Trust the Specialist.

Such, then, are the arguments which are advanced in all seriousness, and without a suspicion or twinkle of humour, to prove that blood-sports are a benefit to mankind and to the lower races alike. But before concluding I must mention one other piece of reasoning which is as amusing as any specimen of sportsman’s logic—the “trust the specialist” fallacy, which asserts that none but sportsmen can fairly pass judgment on sport. For example, when a memorial was presented to a former Prime Minister against the Royal Buckhounds, a certain paper gravely remarked that “what proportion of the protesting gentlemen had ever been on horseback, it was not easy to determine.” The assumption, it will be seen, is that when any cruel practice is arraigned before public opinion, we are not merely to trust the specialist on technical matters that rightly lie within his ken, but we are to let him decide the wider ethical issues, on which, being no more than human, he is certain to have the strongest professional prejudice. It is an argument worthy of the Sublime Porte itself.

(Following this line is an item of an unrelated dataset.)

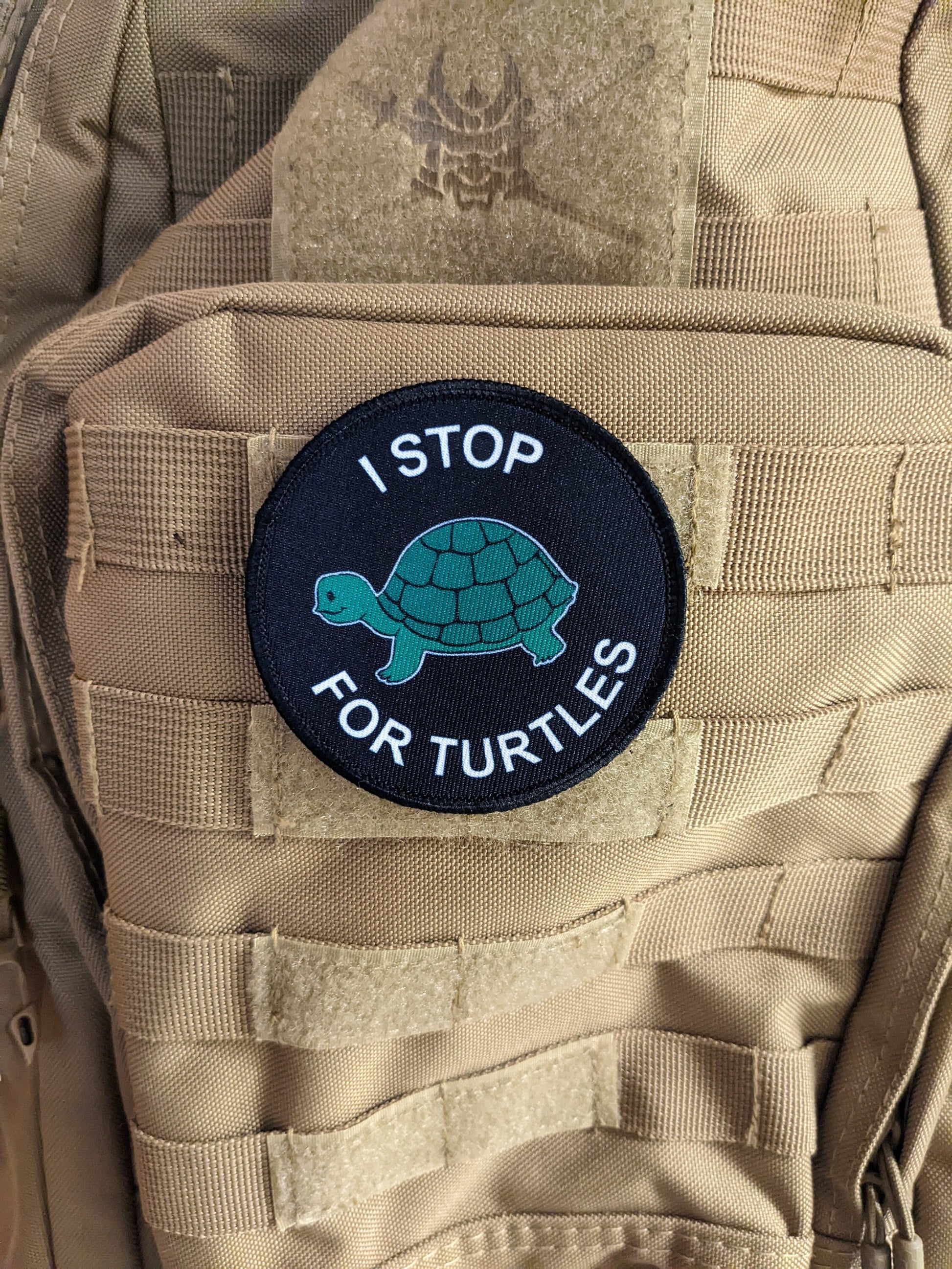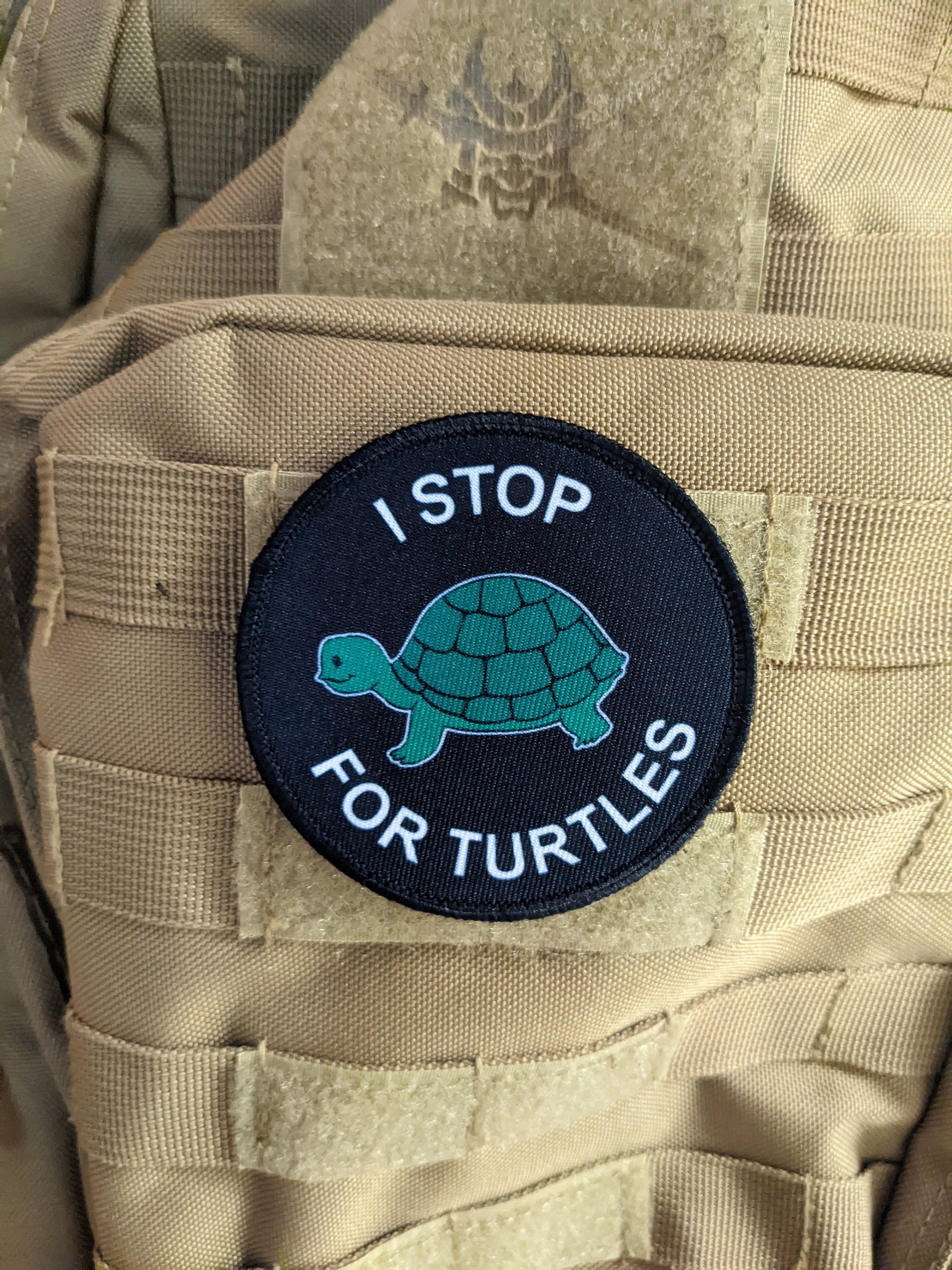 I stop for turtles save the turtles 3" circle removable morale patch with hook and loop backing

In like manner Lord Ribblesdale, when defending stag-hunting in his book on “The Queen’s Hounds,” expressed the sportsman’s case as follows: “Most people will agree that conclusions founded on practice must always have a slight pull when placed in the scales with conclusions based upon theory, hearsay, or conjecture—even granting the fullest credit for sincerity and bona fides to the opponents of stag-hunting.”

Now, it is, of course, absurd to represent the ethical objections to sport as “based upon theory, hearsay, or conjecture,” for the methods of sportsmen are well known and beyond dispute, and many of those who most strongly condemn such practices have been sportsmen themselves and are thoroughly conversant with the facts. But what I wish to point out is that Lord Ribblesdale’s description of the sportsman’s defence of sport as “a conclusion founded on practice” might be just as logically applied to the criminal’s defence of crime. To invoke the judgment of an expert on the morality of a practice in which he is professionally interested is an error similar to that of setting the cat to watch the cream.

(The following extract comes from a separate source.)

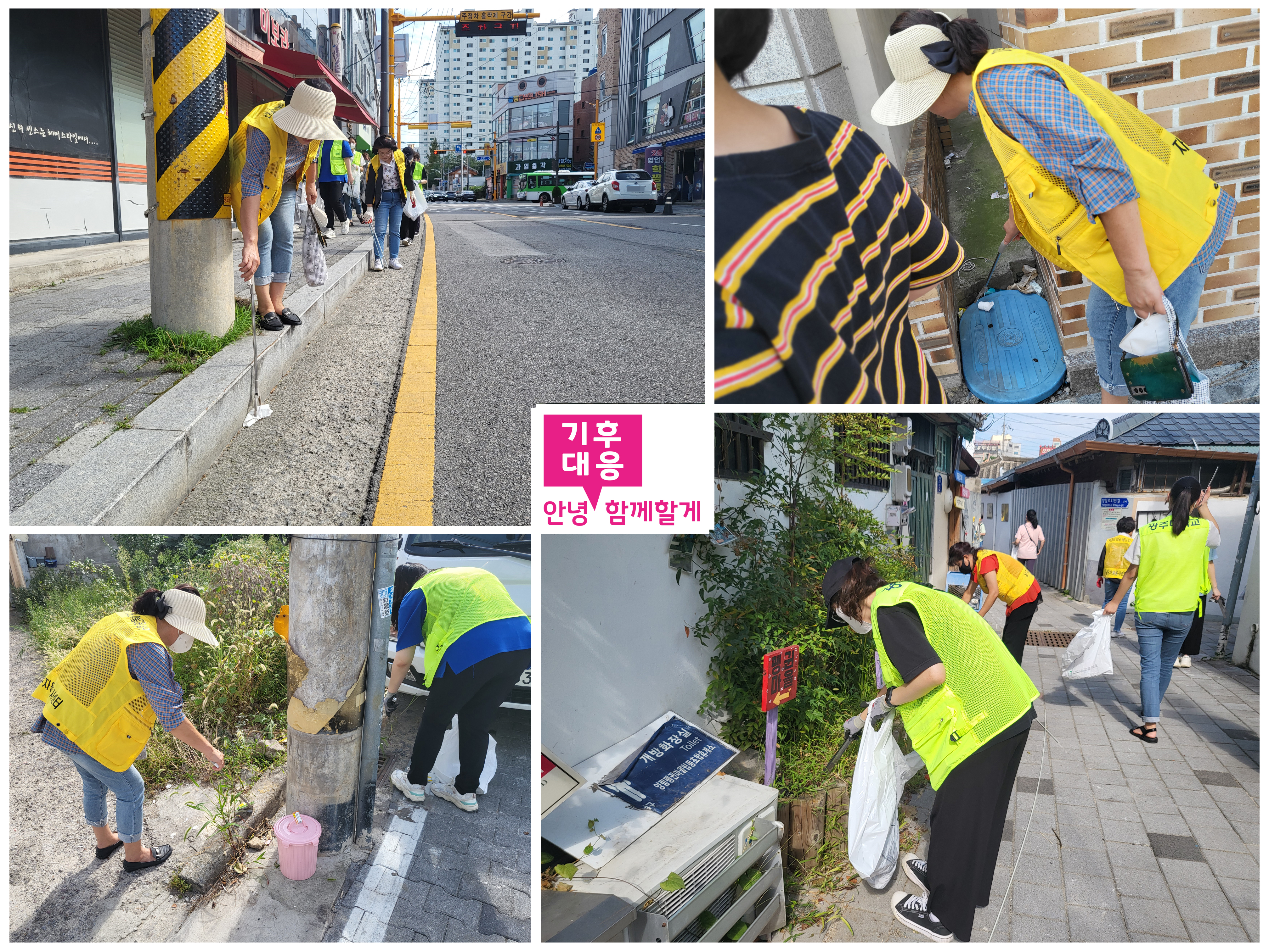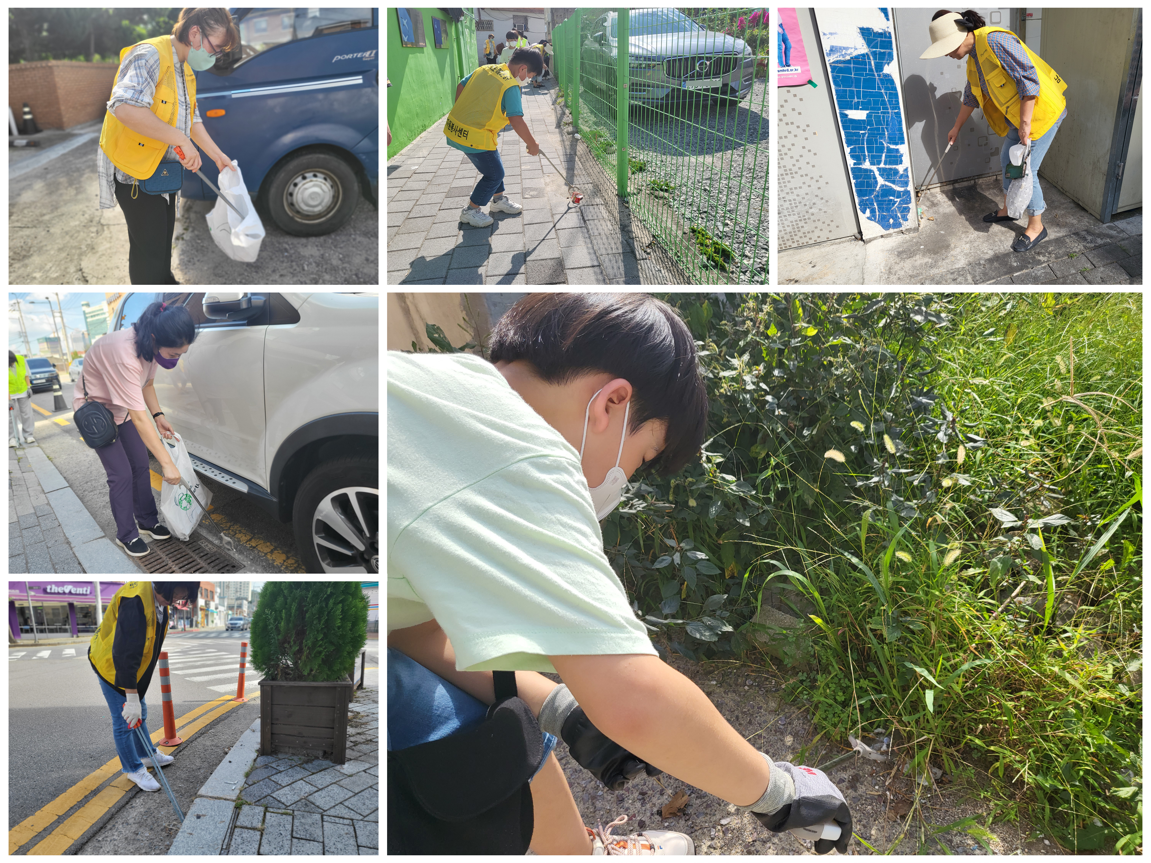 펭귄마을 골목 곳곳에서 플로깅을 진행하며

On the whole, it is not surprising that the sportsman who can devise no cleverer modes of escape from his humanitarian pursuers than the sophisms above mentioned is already being brought to bay, and stands in imminent danger of being, controversially, “broken up.” Indeed, considering the nature of the arguments adduced in its favour, one is inclined to think that sport must be not only cruel to the victims of the chase, but ruinous to the mental capacity of the gentlemen who indulge in it. It can hardly be doubted that the ludicrous aspect of modern sport will more and more present itself to those who possess the sense of humour; and we may even hope that the poverty-stricken caricaturists of our comic papers will some day relinquish their threadbare jokes over the blunders of the hunting-field and the shooting-box, to discover that the subject of sport is rich in another kind of comedy—the essential silliness of the habit itself, and the crass absurdity of the arguments put forward by its apologists.